TPR hails 'quicker and tougher' approach to trustees
The Pensions Regulator (TPR) has hailed what it called a “clearer, quicker and tougher approach” for encouraging more trustees to “do the right thing” sooner.
TPR’s latest Compliance and Enforcement quarterly bulletin showed how discussions and interventions from case teams had led to trustees tightening up their procedures, to the benefit of their members.
The more proactive approach led to 91% of defined contribution (DC) schemes submitting their scheme returns on time in 2017 – an increase from 81% a year earlier.
Overall, more than 99% of the total membership of DC schemes is in schemes that submitted returns on time.
The compliance section of the bulletin also revealed that the decision to move to swifter enforcement action against trustees that submit late recovery plans – and make them aware of the penalties they could receive – had led to a cut in the delay.
TPR says it “actively pursues late scheme returns and fines trustees who fail to submit this information to us.”
Nicola Parish, TPR’s executive director of frontline regulation, said: “This report shows how our clearer, quicker and tougher approach is having a positive impact.
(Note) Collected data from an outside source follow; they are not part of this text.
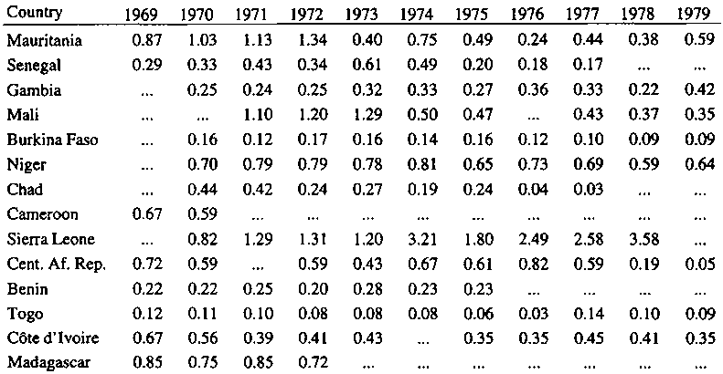 Table 6.9 summarises trends in the coefficient of efficacy over the period 1969-79 for 14 West African countries. In all but two cases, the coefficient declined over the period. Similar patterns were observed in East Africa and in Zambia. This decline represents both a failure on the part of governments to provide the necessary operational funds to support staff activities and a failure on the part of animal health services to limit staff numbers and salaries.
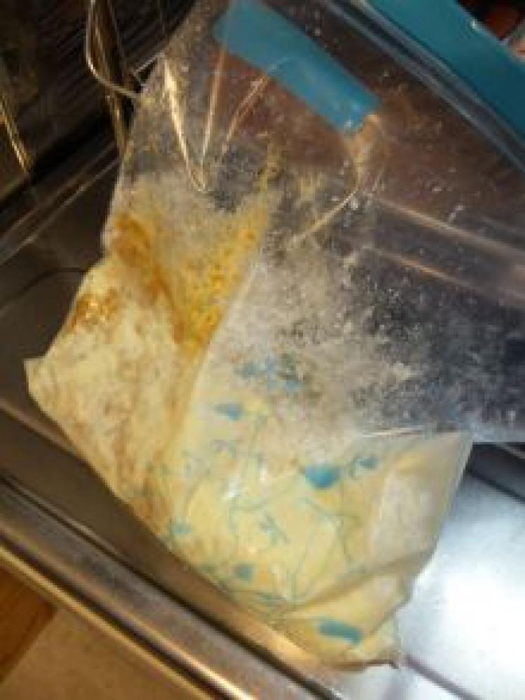 ![]() 袋のまま麺棒で5ミリくらいの厚さに伸ばす。
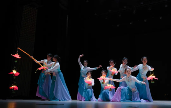 当舞台灯光再次聚焦,演出进入最动人的终章——《绽放·师恩难忘》。这一刻,聚光灯下的主角不再是技巧的展示,而是情感的奔涌与师道的传承。2023级舞蹈表演专业的全体学子与指导老师们走向舞台中央,师生同台,共同演出。这一刻,“绽放”不仅是舞蹈专业学生们技艺的成熟展现,更是师生情谊在舞台上的璀璨升华。
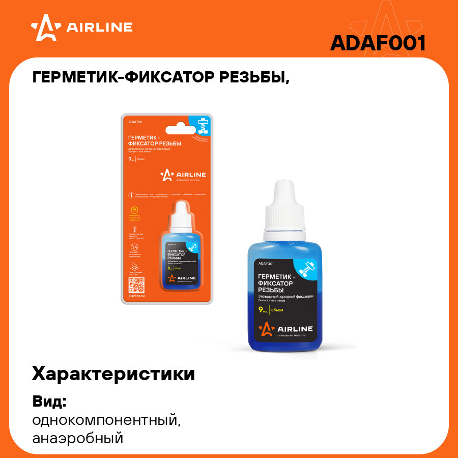 Герметик-фиксатор резьбы, разъемный, средней фиксации, 9 мл., одност.блистер ADAF001 AIRLINE интересное:
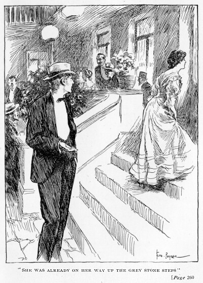 Borrowdean, who left the study a madman, was a sane person the moment he began to descend the stairs and found himself face to face with a tall, heavily cloaked woman. The flash of familiar jewels in her hair, something, perhaps, in the quiet stateliness of her movements, betrayed her identity to him. His heart gave a quick jump. A sickening fear stole over him. He barred the way.
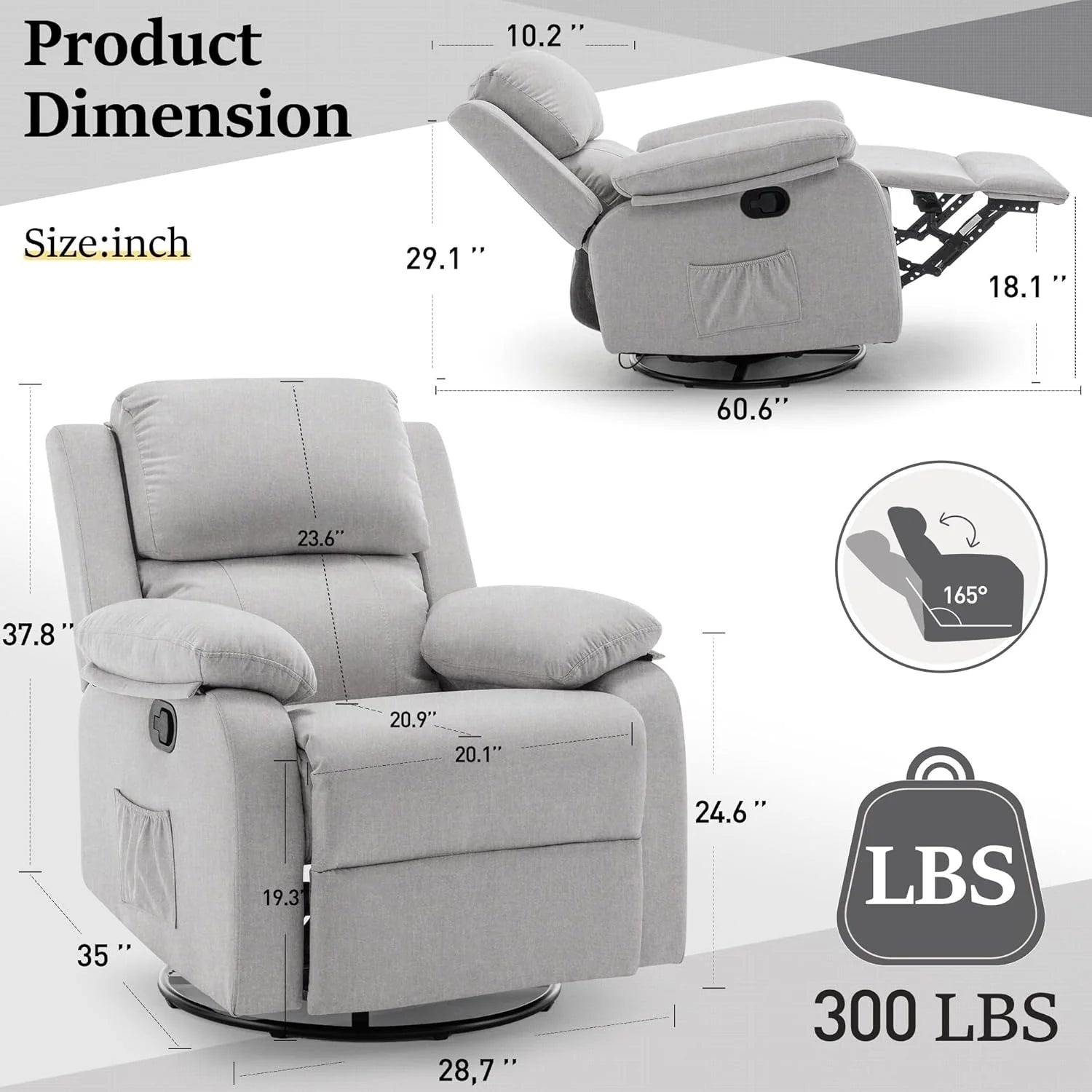Reclining rocking chair 360 degree rotating fabric sliding reclining chair
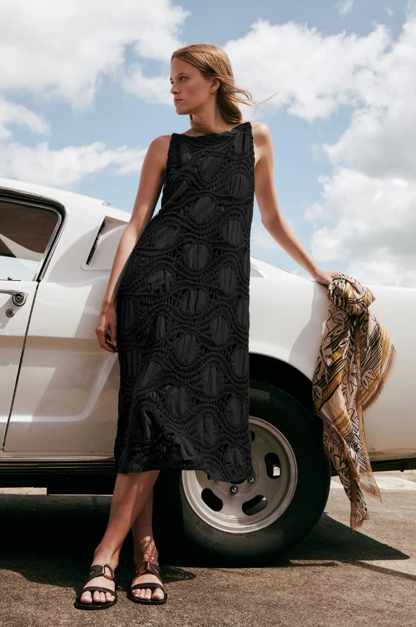 Ärmelloses Slip-Kleid mit aufwendigem Häkeldesign aus Baumwolle. Das feminine, schmal geschnittene Midikleid ist gefüttert und besitzt auf der Rückseite einen Reißverschluss.
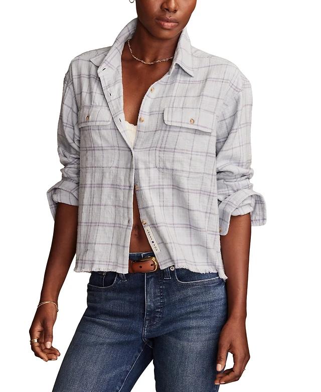 Lucky Brand Women's Cotton Raw-Edge Cropped Plaid Shirt
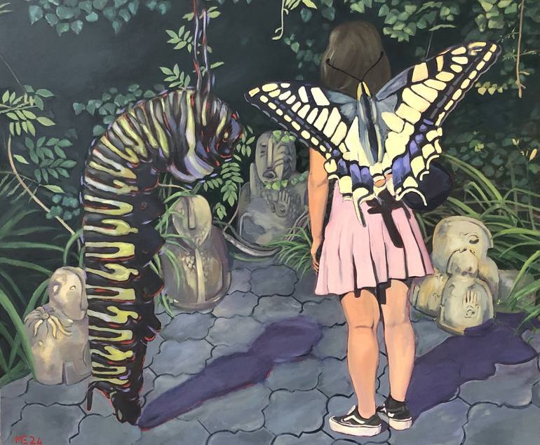 In this painting I represent the metamorphosis of a caterpillar into a butterfly in the presence of the female figure from behind, who appropriates the myth in a ritual space populated with ancient idols.
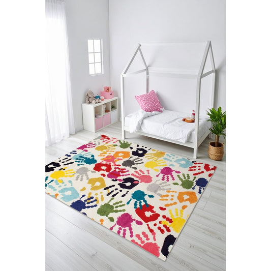 FR100 Renkli El İzi Desenli Dijital Baskı Kaymaz Taban Çocuk Odası Halısı
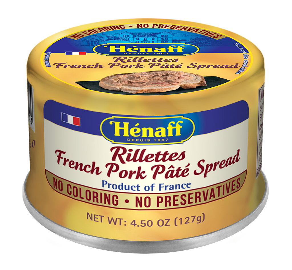 A top-quality product. The main ingredient of these rillettes, pure pork, is of guaranteed French origin. The same care and attention is given to the whole recipe, from the choice of pork up to its preparation and cooking. Hénaff prefers long, slow cooking that gives the meat sufficient time to become deliciously succulent and confit. The result is a uniquely smooth taste experience. Free of colorings and preservatives.
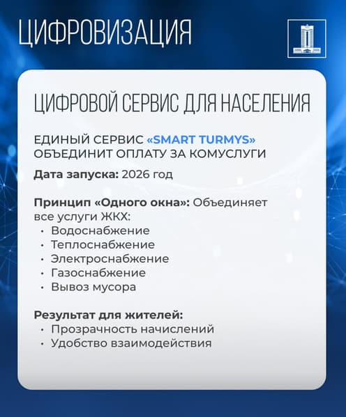По словам Дубировой, Smart Turmys будет удобным для потребителей и поможет обеспечить прозрачность начислений. Сервис объединит услуги по водо-, тепло-, электро-, газоснабжению, а также вывозу мусора. Единая платформа упростит взаимодействие казахстанцев с коммунальщиками, а также снизит количество обращений и жалоб в другие инстанции.
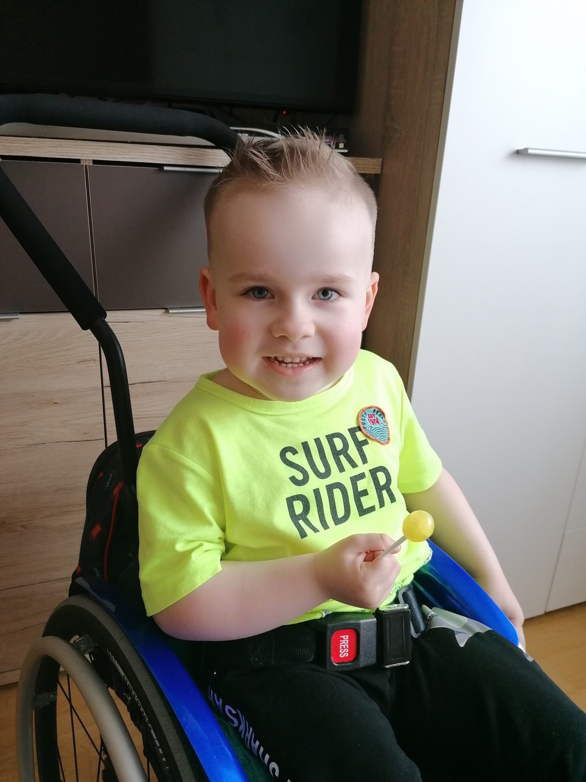 Nasz synek nigdy nie miał szansy postawić samodzielnie kroku. Od zawsze porusza się na wózku inwalidzkim. Z każdym miesiącem jego mięśnie słabną, a choroba postępuje nieubłaganie. Każdego dnia musi ćwiczyć, by usprawnić chore mięśnie, przeciwdziałać przykurczom oraz deformacjom kości. W codziennym funkcjonowaniu pomagają mu sprzęty ortopedyczne i rehabilitacyjne.

“We’re engaging earlier with schemes and trustees to get them to do the right thing, on time, to give the greatest benefit to members.
“We’re being clearer with trustees about what they have to do, and moving quickly to take action if they don’t do it.
“Failing to meet these basic legal duties is unacceptable and while it’s encouraging that more trustees are doing the right thing, a minority of trustees still have to be prodded into action.
“The message is clear: if we tell you to do something, do it before we fine you.”
The bulletin’s section on automatic enrolment included a case study of a major employer that had failed to pay more than £700,000 of pension contributions after miscalculating the amounts that were due for more than a year.
The employer blamed the error on staff being very busy when it alerted TPR and said that it would be willing to pay the roughly £350,000 shortfall of employer contributions, as well as an additional amount to compensate for the loss of potential investment gains.
However TPR did not accept either the explanation or the proposal and ordered the employer to pay the full £700,000 of employer and employee contributions.